The cartoon begins with a frightened owl on a tree, a dog howling at the wind, and two cats fighting over gravestones. A menacing skeleton rises from the gravestone between them and scares them. The skeleton leaps through the graveyard, removing its head and hitting the owl with it when it hears it screeching.

Other skeletons appear from behind the gravestones, dancing together, holding hands, and swinging around, enjoying the night. At one point, a skeleton falls apart to transform into a xylophone for another to play. Towards the end of the five-and-a-half-minute cartoon, a rooster crows to signal the morning, and all the skeletons rush back into a tomb.


Initially, many distributors were reluctant to show this new eerie film: it wasn’t something that had been done before, so the audience’s reception was a gamble. Walt operated by taking risks and hoping it would work. Eventually, Columbia Pictures distributed the film, and the Carthay Circle Theatre in Los Angeles agreed to screen his new film. It was the first cartoon the Carthay Circle had ever shown. It was released on August 22, 1929.

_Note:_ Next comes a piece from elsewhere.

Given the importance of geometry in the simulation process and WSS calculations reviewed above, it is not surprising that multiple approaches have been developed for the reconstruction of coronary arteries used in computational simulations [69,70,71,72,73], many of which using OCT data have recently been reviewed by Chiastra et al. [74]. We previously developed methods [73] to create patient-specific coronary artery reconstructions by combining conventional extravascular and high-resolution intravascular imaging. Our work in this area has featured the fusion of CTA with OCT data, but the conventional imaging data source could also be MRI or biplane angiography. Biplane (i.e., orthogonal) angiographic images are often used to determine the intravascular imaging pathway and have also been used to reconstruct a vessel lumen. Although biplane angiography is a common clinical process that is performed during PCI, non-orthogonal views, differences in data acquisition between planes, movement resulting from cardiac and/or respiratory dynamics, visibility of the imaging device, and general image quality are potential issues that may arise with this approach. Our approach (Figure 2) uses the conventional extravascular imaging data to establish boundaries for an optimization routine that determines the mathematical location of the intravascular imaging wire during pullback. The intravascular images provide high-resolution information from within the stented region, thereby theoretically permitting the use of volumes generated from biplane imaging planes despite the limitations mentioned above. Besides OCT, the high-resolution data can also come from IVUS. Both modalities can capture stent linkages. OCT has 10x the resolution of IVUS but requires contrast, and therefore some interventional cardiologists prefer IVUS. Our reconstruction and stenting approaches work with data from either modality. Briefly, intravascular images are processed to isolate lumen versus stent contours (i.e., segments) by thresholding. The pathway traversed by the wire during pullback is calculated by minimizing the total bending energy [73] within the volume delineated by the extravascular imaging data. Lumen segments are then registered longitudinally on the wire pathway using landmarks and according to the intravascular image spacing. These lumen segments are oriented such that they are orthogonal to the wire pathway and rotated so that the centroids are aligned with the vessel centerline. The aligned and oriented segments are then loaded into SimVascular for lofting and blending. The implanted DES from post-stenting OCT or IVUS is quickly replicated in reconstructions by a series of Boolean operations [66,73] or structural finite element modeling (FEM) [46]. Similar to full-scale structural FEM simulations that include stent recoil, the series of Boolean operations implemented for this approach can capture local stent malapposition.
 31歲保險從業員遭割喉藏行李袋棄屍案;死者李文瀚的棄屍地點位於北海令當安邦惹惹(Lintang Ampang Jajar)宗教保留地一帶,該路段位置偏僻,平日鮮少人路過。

The Skeleton Dance was a huge audience hit despite the strange reactions to the idea at first. It ultimately became a Halloween success, especially with big names like Variety and The Film Daily. In a Variety article from July 17, 1929 (exactly 26 years before Disneyland’s opening, by the way), they write:

“The title tells the story, but not the number of laughs included in this short that looks like a cartoon. The number is high. The peak is reached when one skeleton plays another’s spine like a xylophone, using a pair of femurs as mallets… Everything takes place in a cemetery. Don’t bring your kids.”

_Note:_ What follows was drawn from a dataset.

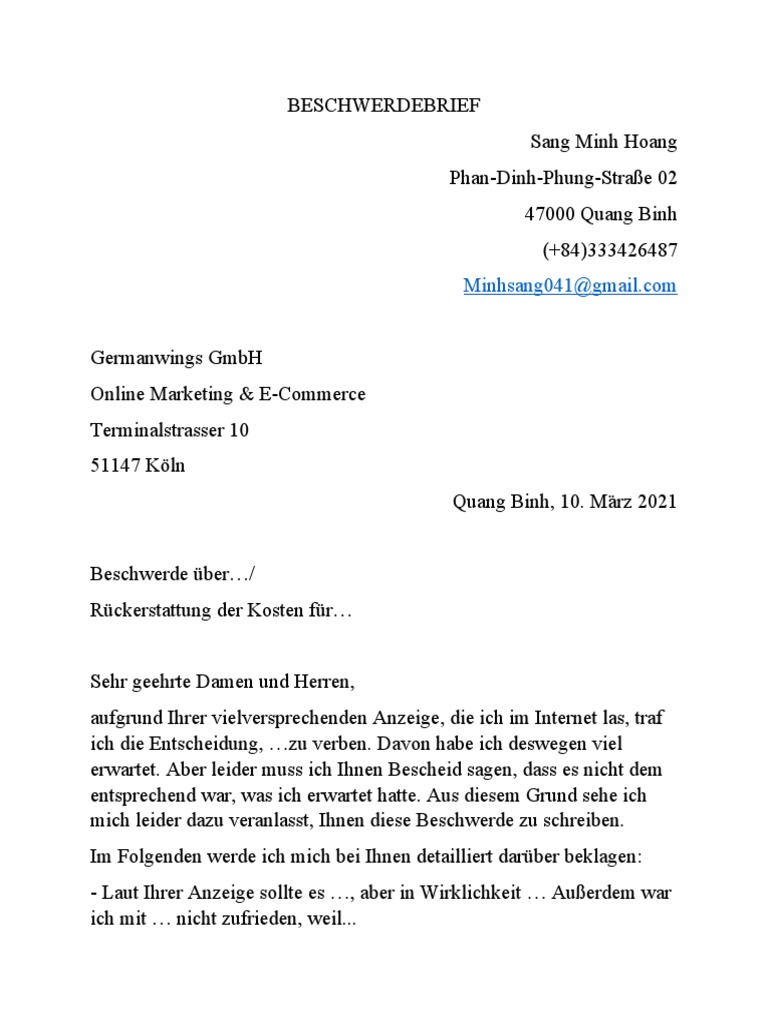 Beschwerdebrief B2 Muster ꧁༺Haare jull༻꧂

In 1994, Jerry Beck, an animation historian, wrote a book titled “The 50 Greatest Cartoons: As Selected by 1,000 Animation Professionals.” The Skeleton Dance ranked number 18, right after Popeye the Sailor Meets Sindbad the Sailor (1936) and just before Snow-White (1933) by Dave Fleischer.

The Skeleton Dance remains an important part of animation and cinema history. Not only was it the first Silly Symphony cartoon, but it also has a universal and timeless theme that can be presented every year.

As discussed by Anya Stanley on the Shudder blog in 2019, the cartoon mimics that theme, with the four skeletons dancing together, regardless of who they were in their previous lives. Anya says:

“Rather than presenting a dialogue between Death itself and its victims, the dance simply says that we are all connected in death: prince and pauper, liberal and conservative, man, woman, and child.”


The Skeleton Dance is also considered the first cartoon with non-post-synchronized sound ever. This means that instead of creating the cartoon and then adding sound to it later, both the sound and the cartoon were made to be synonymous with each other. The music was created simultaneously with the animation.


Since the short film was such a success, it made sense to turn it into a full-fledged musical series. The Silly Symphonies continued for another 10 years, promptly ending in 1939 when Disney began its foray into feature-length films. The Disney studio created 75 unique cartoons that introduced many important characters into their tradition. These shorts carry the legacy of important musical performances in storytelling.

“The Silly Symphonies started as an experiment. We used them to test and refine color and animation techniques later employed in feature films like Cinderella, Snow White, and Fantasia.”